Chapter 33 #2
I stumbled back onto my side, clawing the carpet, growing dizzy with the lack of oxygen. Just when I thought I was going to pass out, my chest cleared, and I dragged in a huge, gasping breath.
He crouched then, his hand fisting in the front of the jacket again, dragging me partially upright so I had no choice but to face him. Blood filled my mouth where my lip had split, but I swallowed it down rather than give him the satisfaction of seeing me choke on it.
“You really thought you could sneak off to him,” he said, studying my face like he was searching for something deeper than what was already obvious. “After everything.”
I met his gaze.
And despite everything—despite the pain, the fear, the suffocating weight of what this meant—I didn’t look away.
I knew this was the point of no return. I knew there was no coming back from this. So I just stared, forcing every bit of hatred I felt for him into my glare.
“You’re not even trying to deny it,” he said.
“What’s the point?” I wheezed, and used the last of my strength to spit a mouthful of blood on him.
The spit hit his cheek, but he didn’t wipe it off.
He let it drip down his face, his tongue coming to the corner of his mouth to lap at it.
His hand dropped from the jacket to my jaw, gripping hard enough to force my head back.
“Don’t tease me, Gabby. You know your blood is like heroin to me.
Don’t make me bleed you to get the answers I want. Say his name.”
I said nothing.
The back of his hand connected with my cheek. My vision blurred, my neck snapped to the side, and then his fist hit me, colliding with my cheek in an explosion of pain.
By the time he let me fall back to the floor, my body felt like it no longer belonged to me, every breath shallow and uneven, pain radiating out from too many places to track properly.
He stood over me for a moment, watching.
His gaze dropped to the jacket again, and for a second I thought he might tear it apart, might rip it to pieces in front of me just to prove a point.
Instead, he reached down, grabbed it, and pulled it from my body with a sharp, brutal motion that left me exposed in a way that had nothing to do with skin.
The loss of it hit harder than it should have.
He looked down at it in his hands, his expression unreadable for a moment, and then he turned and draped it over the chair.
“You don’t get to keep that,” he said. “But I’ll see that it makes its way back to its rightful owner, don’t you worry about that.”
It should have been safe. I had a plan. I was going to hide it under the loose board beneath my bed, where everything else that mattered had been buried piece by piece over the years.
Letters. Memories. Small, stupid things that meant nothing to anyone else but everything to me.
That was where the jacket should have gone.
Tucked away with the rest of the life I wasn’t allowed to live.
I had planned it the entire walk back.
And now… now it was gone.
Nico’s attention returned to me.
“If he’s getting close enough to leave you dressed like this,” he said slowly, “then maybe it’s time I remind him who you belong to. And the consequence of crossing the line.”
“No,” I rasped before I could stop myself.
His head tilted. “No?” His gaze sharpened instantly, catching on the reaction I couldn’t hide fast enough, and something like satisfaction flickered there.
“Clean yourself up,” he said. “And if anyone asks, you tell them the truth. You’re a rancid little whore who needed putting in her place.”

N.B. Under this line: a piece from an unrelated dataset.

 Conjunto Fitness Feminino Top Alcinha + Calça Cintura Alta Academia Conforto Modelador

I didn’t argue, nor did I move.
“Get up,” he barked, his voice sharper.
It took everything I had, but I pushed myself upright, my body protesting the movement in sharp, jagged bursts of pain that made it hard to stay steady. The room tilted slightly as I found my feet, one hand bracing against the wall to keep from falling straight back down again.
Nico watched the entire thing.
And I knew, with a clarity that settled somewhere deep and immovable inside me, that nothing about tonight had gone unnoticed.

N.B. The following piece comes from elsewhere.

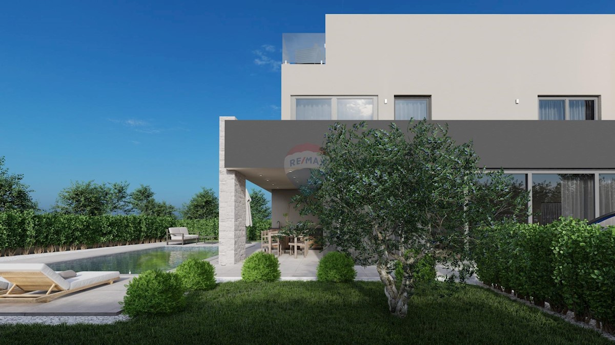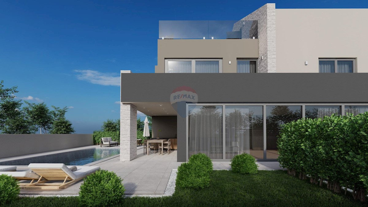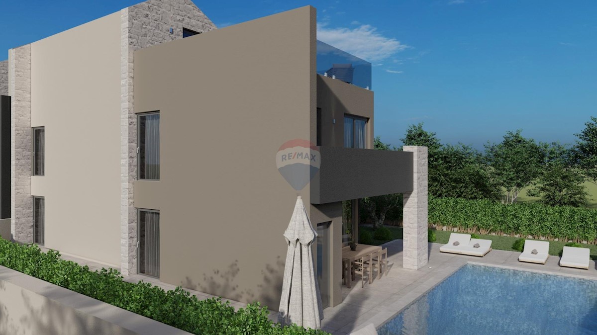 Prodaje se ova predivna moderna vila u novogradnji, smještena na udaljenost od 500 m do mora. Kuća je samostojeća, ukupne bruto površine 273 m2. U prizemlju je smješten prostrani dnevni boravak s open space kuhinjom i blagovaonom, kupatilo, vešeraj i tri

“You don’t get another mistake like this,” he said.
“The next time you step out of line I will kill you. But before I end your pitiful existence, I will hand you and your mother over to every man in this club and give them free rein to do whatever the fuck they want with you. And I’ll record the entire thing and send it to your precious biker, just so he can see your last, pathetic moments on this earth. ”
It wasn’t a warning.
It was a promise.
“Yes, Nico,” I murmured, slipping right back into playing the role of the woman he wanted me to be.

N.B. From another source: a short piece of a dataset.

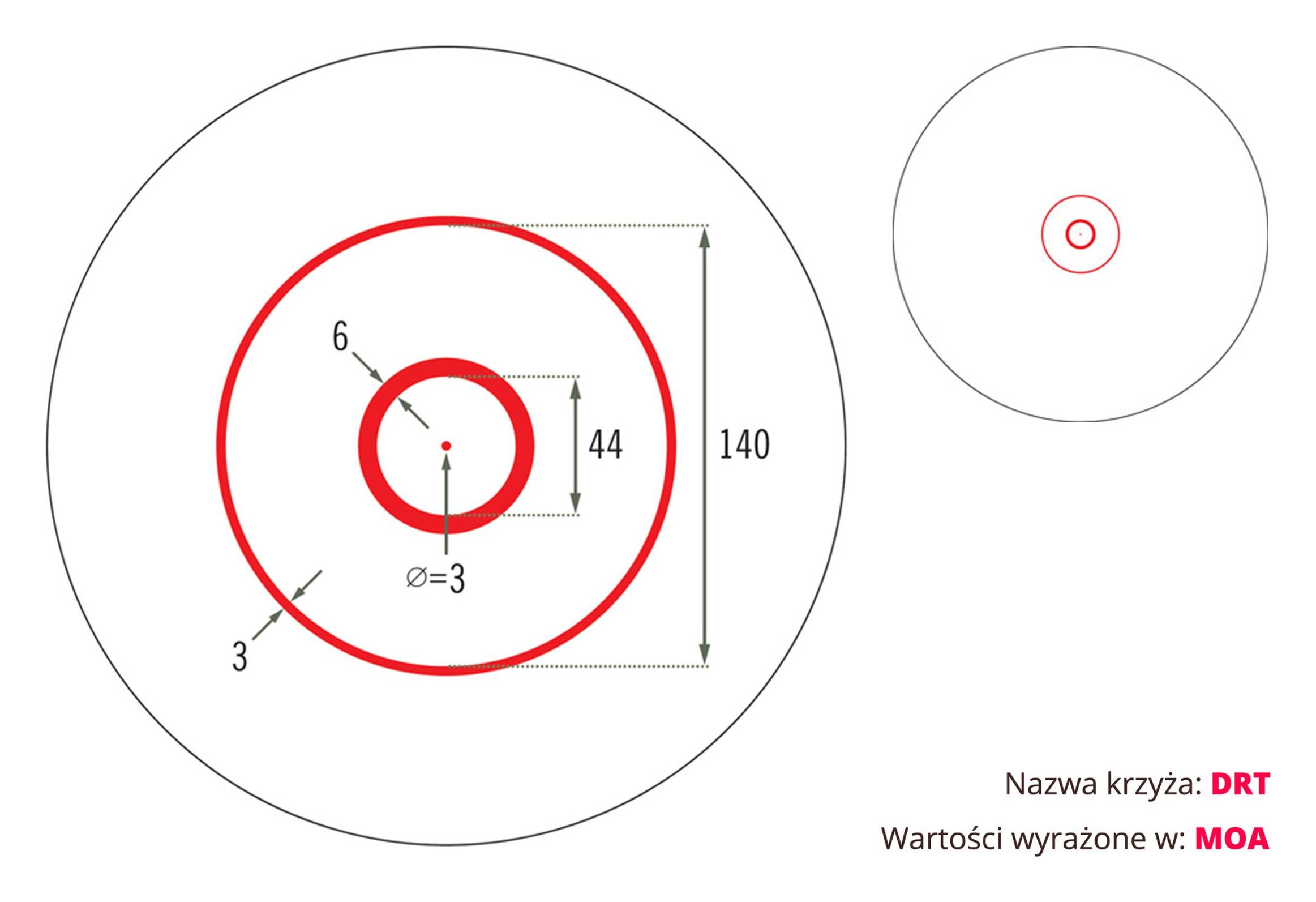 - Siatka celownicza DRT MOA podświetlana na czerwono i zielono

And then I left, because there was nothing else left to do, other than force my legs to carry me out of the room and up the stairs. Each step hurt. Each breath dragged. But I kept moving, because stopping wasn’t an option anymore.
It never had been.
By the time I reached my bedroom, my vision had started to blur at the edges, pain settling deep enough into my body to make everything feel distant and too sharp all at once. I pushed the door open and stepped inside, closing it carefully behind me.
For a moment, I just stood there.
Then I moved to the bed and sat down, because my body had reached its limit.
My hand came up to my mouth, brushing against the split in my lip, and when I pulled it away, my fingers were streaked with blood.
It should have been enough.
It should have been the moment everything snapped back into place, where regret flooded in and wiped the memory of Vienna clean, where survival reasserted itself and reminded me exactly why I had kept my distance for so long.
But it didn’t.
Because even now, even like this, I didn’t regret going.